-- Opening Marker --

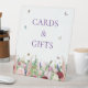Femenino y moderno, este rótulo peatonal de Cards & Gifts utiliza un diseño con un bonito jardín de flores color agua rosa y morado que incluye rosas, tulipanes, lavanda y eucaliptos con mariposas de colores vivos y abejas que vuelan por ahí. Puede personalizar de todos los detalles del texto y de la ubicación del gráfico a sus necesidades específicas.
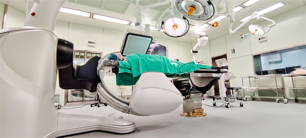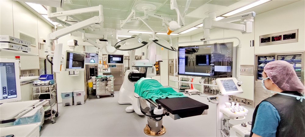 「複合式手術室」最大的特色是整合高階影像設備在同一個手術空間,傳統手術若需要確認精密影像,常必須暫停手術並將病人轉送到電腦斷層室檢查,不僅增加麻醉時間,也提高移動風險。複合式手術室則透過滑軌式電腦斷層掃描儀與多軸機械臂,讓影像掃描與手術同步進行。
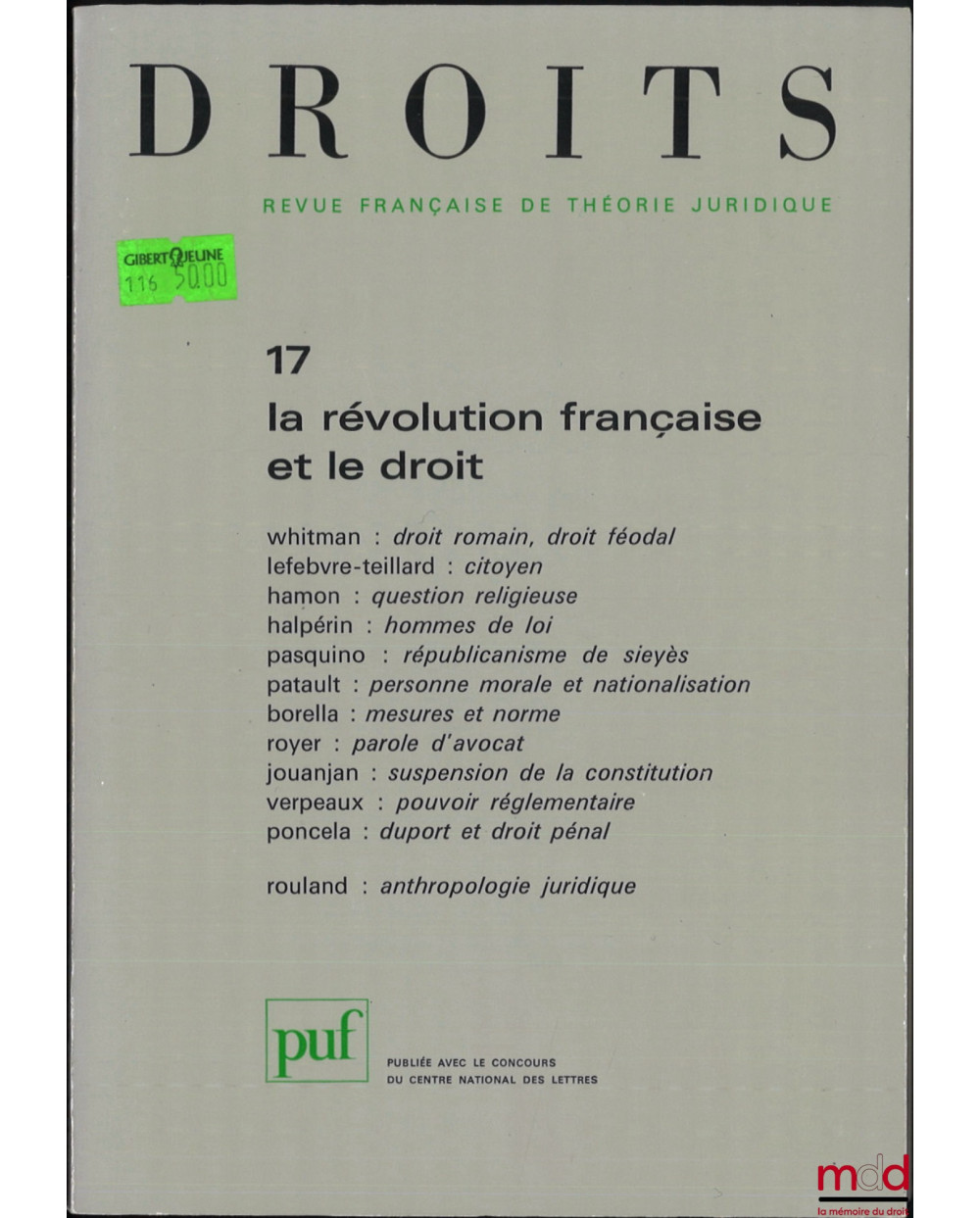 Livraison épuisée de la revue Droits qui contient notamment les articles de Olivier Beaud, Ouverture : L’histoire juridique de la Révolution française est-elle possible ? ; James Q. Whitman, « Les seigneurs descendent au rang de simples créanciers » : droit romain, droit féodal et Révolution ; Anne Lefebvre-Teillard, Citoyen ; Léo Hamon, La Révolution française et la question religieuse ; Jean-Louis Halpérin, Haro sur les hommes de loi ; Pasquale Pasquino, Le républicanisme constitutionnel de E. Sieyès ; Anne-Marie Patault, La personne morale d’une nationalisation à l’autre, naissance et mort d’une théorie ; François Borella, Le système métrique et la problématique des normes ; Jean-Pierre Royer, Parole d’avocat... Remarques sur la plaidoirie pénale, de la fin de l’Ancien Régime à la Révolution ; Olivier Jouanjan, La suspension de la Constitution de 1793 ; Michel Verpeaux Le pouvoir réglementaire sous la Révolution ; Pierrette Poncela, Adrien Duport, fondateur du droit pénal moderne.
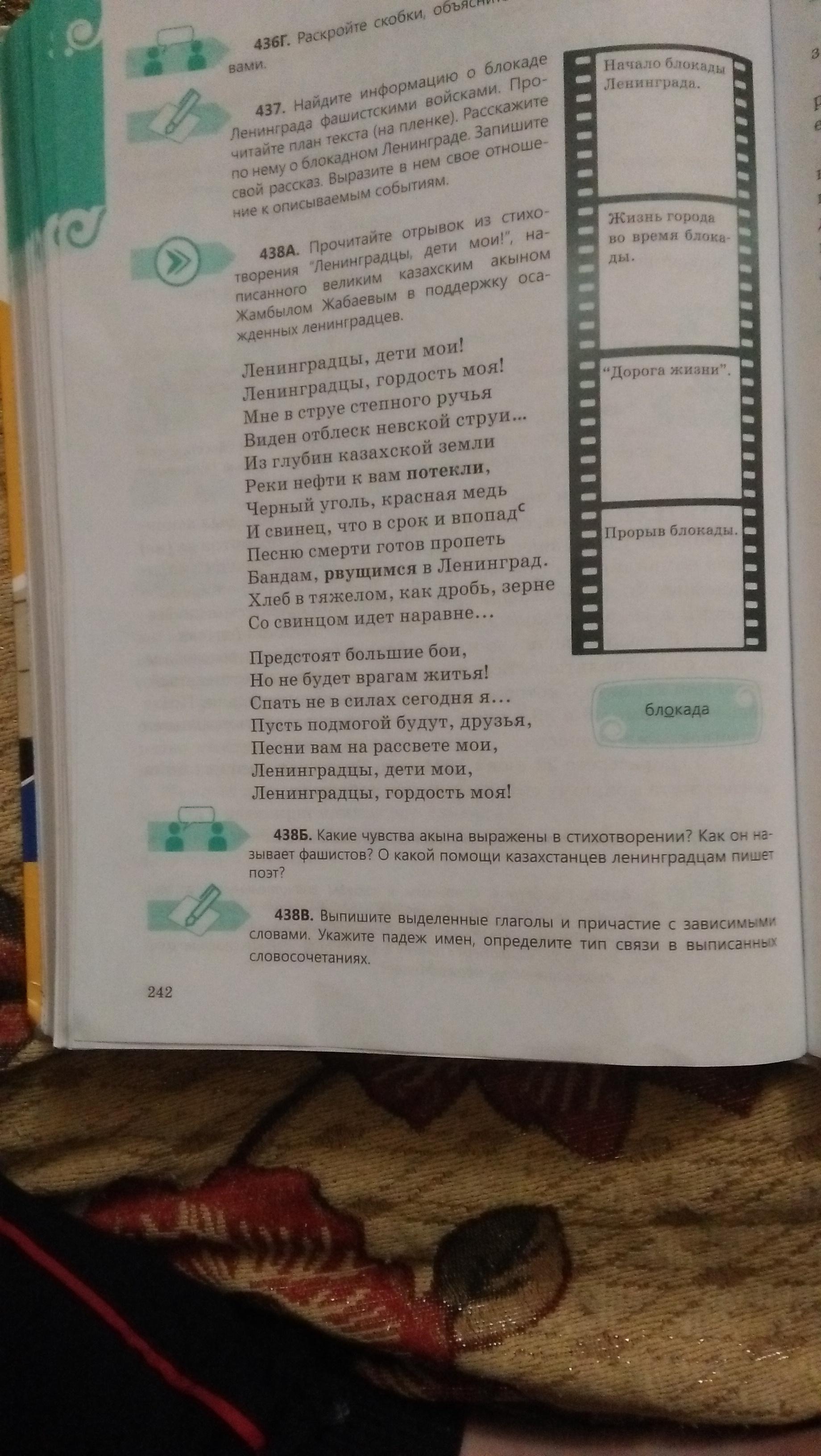 б) В стихотворении акына выражено чувство гордости. Акын называет немцев бандами. Поэт о том, что казахстанцы оказывали ленинградцам материальную поддержку в виде нефти, красной меди и угля.
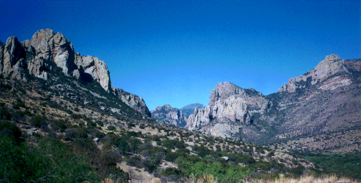 lichen-covered rhyolite cliffs that embrace ribbons of sycamores and
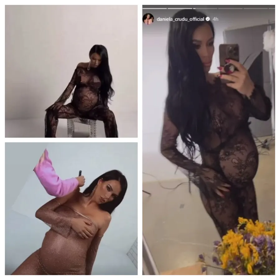În imaginile postate, Daniela Crudu apare îmbrăcată în două salopete din dantelă, fără lenjerie intimă. Cu un machiaj impecabil și o coafură lejeră, „Cruduța” a pozat fără inhibiții, în cadrul celei mai recente ședințe foto, înainte de a naște.
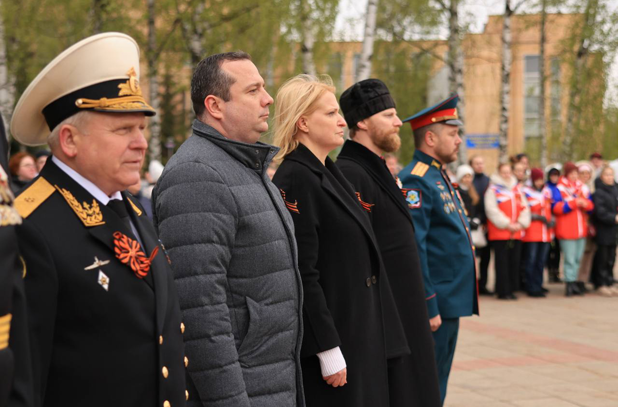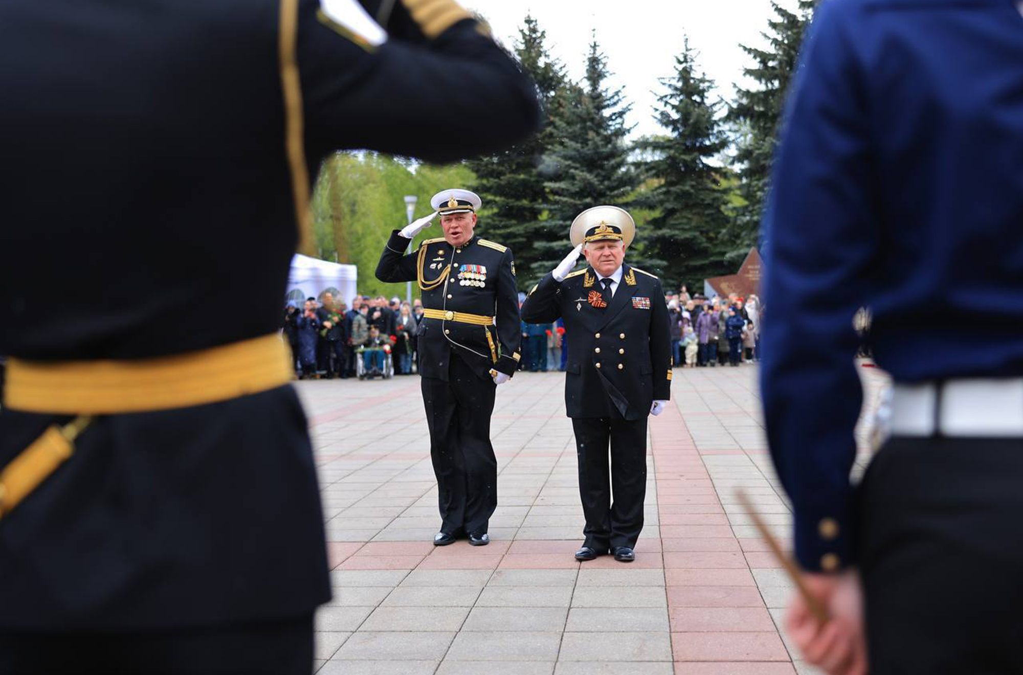 Командовал расчетом начальник Морского Корпуса Петра Великого капитан 1 ранга Олег Игнасюк, а принял парад председатель Совета ветеранов Королёва, контр-адмирал Владимир Ковтуненко.
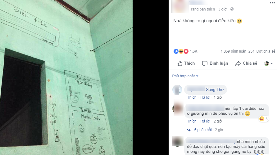Cụ thể, trong căn phòng của B., từ điều hoà mát lạnh cho tới tủ lạnh to uỳnh đầy ắp đồ ăn thức uống đều xuất hiện… qua nét vẽ của thanh niên đang thuê trọ.
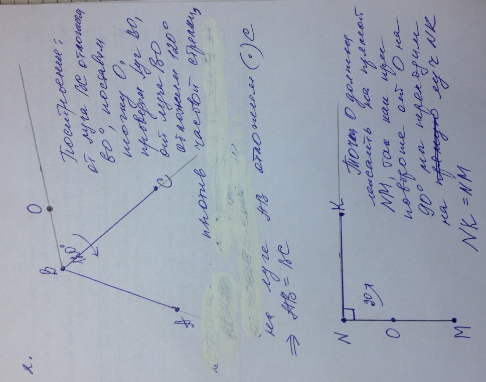 3) На рисунке 23.13 изображены два равных перпендикулярных отрезка МN и NK. Найти точку О такую, чтобы отрезок NK был образом отрезка МN при повороте вокруг точки О по часовой стрелке на угол 90°.
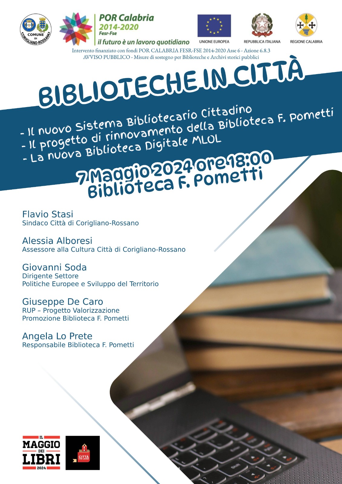 Nei locali della "Biblioteca Francesco Pometti" si è tenuto un incontro informativo in cui sono stati presentati il nuovo Sistema Bibliotecario della Città di Corigliano-Rossano (Biblioteca Francesco Pometti - Biblioteca Giorgio Leone - Biblioteca per bambini e ragazzi Carmine De Luca), il Progetto di rinnovamento della Biblioteca Francesco Pometti e la nuova Biblioteca Digitale MLOL.
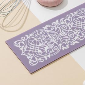 Чтобы получить из мастики ажурную ленту, понадобится коврик для айсинга и шпатель. Выложите белую мастику на коврик, выровняйте шпателем и оставьте на 1–2 часа подсохнуть. Затем выньте декор, потянув за край коврика. Прикрепите мастику на боковинку торта.
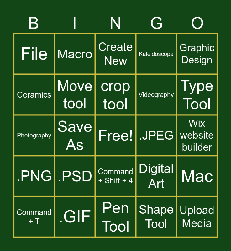 This bingo card has a free space and 29 words: Command + T, Command + Z, Save As, Place Embedded, File, Create New, Move tool, .PSD, .JPEG, .GIF, Wix website builder, Upload Media, Pen Tool, Shape Tool, Type Tool, Clone Stamp Tool, Command + Shift + 4, .PNG, Graphic Design, Photography, Digital Art, Animations, Videography, Ceramics, Kaleidoscope, Macro, Mac, crop tool and layer mask.
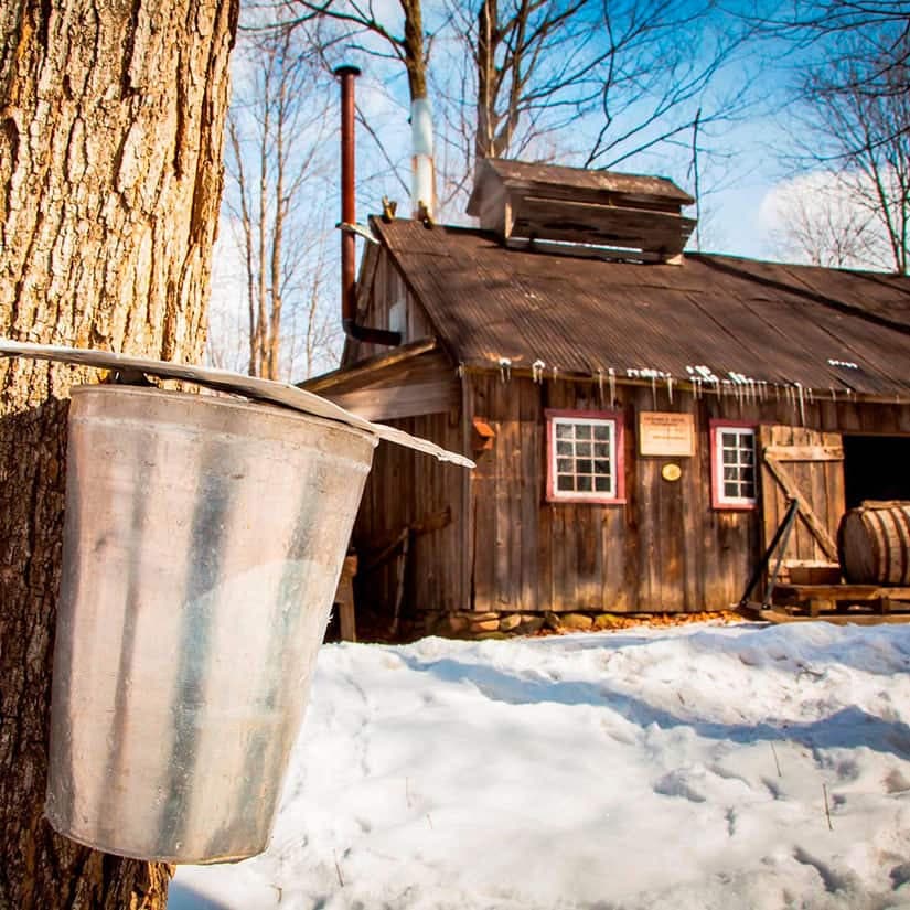 La Sucrerie de la montagne offre une expérience de cabane totalement traditionnelle: décor d’antan, récolte de l’eau d’érable à la chaudière, évaporateur au feu de bois, repas classique incluant «fèves au lard du chantier» et «ragoût de boulettes»... Mais ce qui la distingue, c’est qu’on peut y passer la nuit dans des maisonnettes (dignes d’un roman du terroir!), directement sur le mont Rigaud.
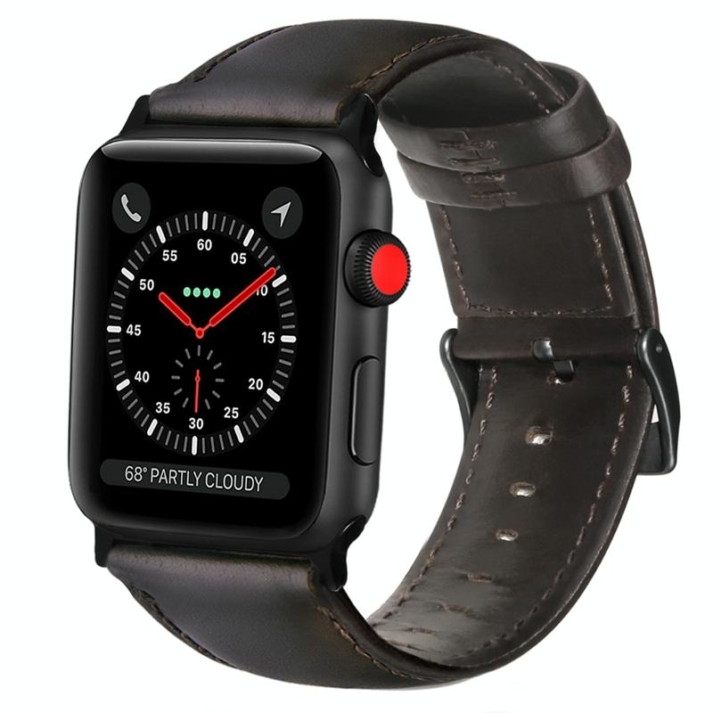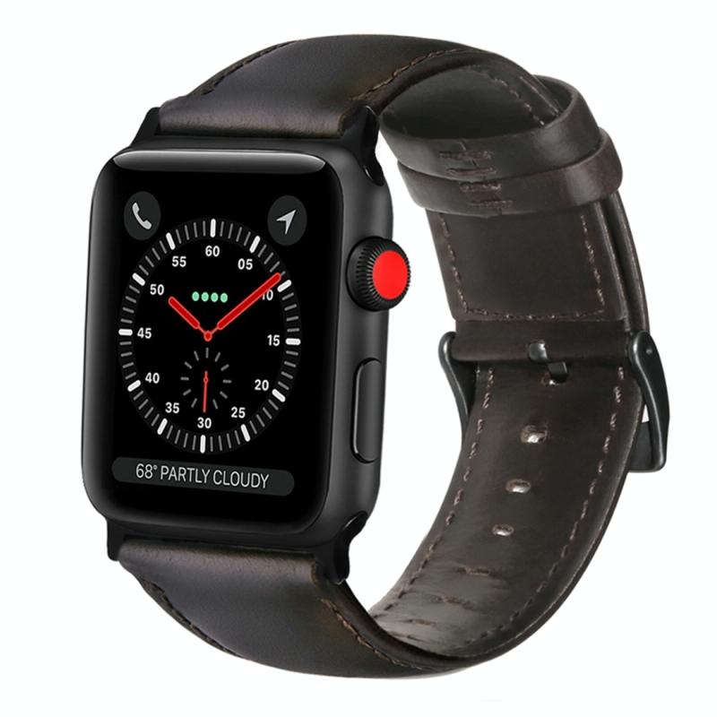 For Apple Watch Ultra 49mm&Watch Ultra 2 49mm / Series 9&8&7 45mm / SE 3&SE 2&6&SE&5&4 44mm / 3&2&1 42mm Oil Wax Genuine Leather Strap Watch Band(Dark Brown)

-- Closing Marker --

What to work on: When you reach the line holding "În imaginile postate, Daniela" in the listing above, begin retyping exactly, and stop once the line holding "This bingo card" is done; pictures stay out.

Response to this task:
În imaginile postate, Daniela Crudu apare îmbrăcată în două salopete din dantelă, fără lenjerie intimă. Cu un machiaj impecabil și o coafură lejeră, „Cruduța” a pozat fără inhibiții, în cadrul celei mai recente ședințe foto, înainte de a naște.
 Командовал расчетом начальник Морского Корпуса Петра Великого капитан 1 ранга Олег Игнасюк, а принял парад председатель Совета ветеранов Королёва, контр-адмирал Владимир Ковтуненко.
Cụ thể, trong căn phòng của B., từ điều hoà mát lạnh cho tới tủ lạnh to uỳnh đầy ắp đồ ăn thức uống đều xuất hiện… qua nét vẽ của thanh niên đang thuê trọ.
 3) На рисунке 23.13 изображены два равных перпендикулярных отрезка МN и NK. Найти точку О такую, чтобы отрезок NK был образом отрезка МN при повороте вокруг точки О по часовой стрелке на угол 90°.
 Nei locali della "Biblioteca Francesco Pometti" si è tenuto un incontro informativo in cui sono stati presentati il nuovo Sistema Bibliotecario della Città di Corigliano-Rossano (Biblioteca Francesco Pometti - Biblioteca Giorgio Leone - Biblioteca per bambini e ragazzi Carmine De Luca), il Progetto di rinnovamento della Biblioteca Francesco Pometti e la nuova Biblioteca Digitale MLOL.
 Чтобы получить из мастики ажурную ленту, понадобится коврик для айсинга и шпатель. Выложите белую мастику на коврик, выровняйте шпателем и оставьте на 1–2 часа подсохнуть. Затем выньте декор, потянув за край коврика. Прикрепите мастику на боковинку торта.
 This bingo card has a free space and 29 words: Command + T, Command + Z, Save As, Place Embedded, File, Create New, Move tool, .PSD, .JPEG, .GIF, Wix website builder, Upload Media, Pen Tool, Shape Tool, Type Tool, Clone Stamp Tool, Command + Shift + 4, .PNG, Graphic Design, Photography, Digital Art, Animations, Videography, Ceramics, Kaleidoscope, Macro, Mac, crop tool and layer mask.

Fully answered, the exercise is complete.